Provided data>
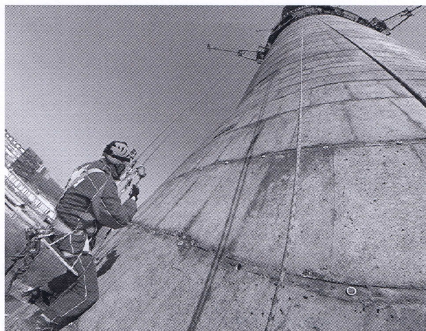
Рис. 5. Изучение состояние бетона на наружной поверхности Останкинской телевизионной башни

Для измерений по высоте 0,0...361 м принято 8 уровней, на которых на башне имеются кольцевые балконы. Кроме того, выполнены замеры на отметке 67 м и в районе перегиба ствола в районе отметки 63 м, где нет кольцевых балконов, эти измерения выполнялись методом промышленного альпинизма (рис. 5). Особенность этого обследования состояла в том, что для начала измерений на приборе необходимо создать усилие около 20 кг. Выпол-
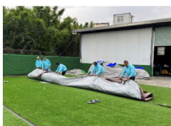
7. A szemben lévő lapokat hajtsuk egymásra.
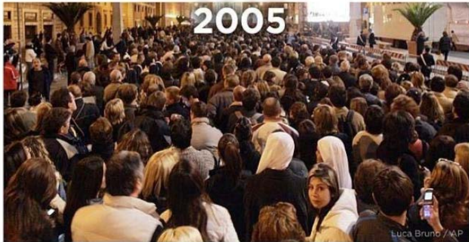
News Event: 2005
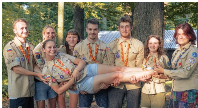
Taborniki, ki so vključeni v projekt Alpski prijatelji.

What you need to do>
Write out exactly, and nothing more than, the lines of the entries above from the line containing "Для измерений по" through the final line; omit any pictures.

Written reply>
Для измерений по высоте 0,0...361 м принято 8 уровней, на которых на башне имеются кольцевые балконы. Кроме того, выполнены замеры на отметке 67 м и в районе перегиба ствола в районе отметки 63 м, где нет кольцевых балконов, эти измерения выполнялись методом промышленного альпинизма (рис. 5). Особенность этого обследования состояла в том, что для начала измерений на приборе необходимо создать усилие около 20 кг. Выпол-
7. A szemben lévő lapokat hajtsuk egymásra.
News Event: 2005
Taborniki, ki so vključeni v projekt Alpski prijatelji.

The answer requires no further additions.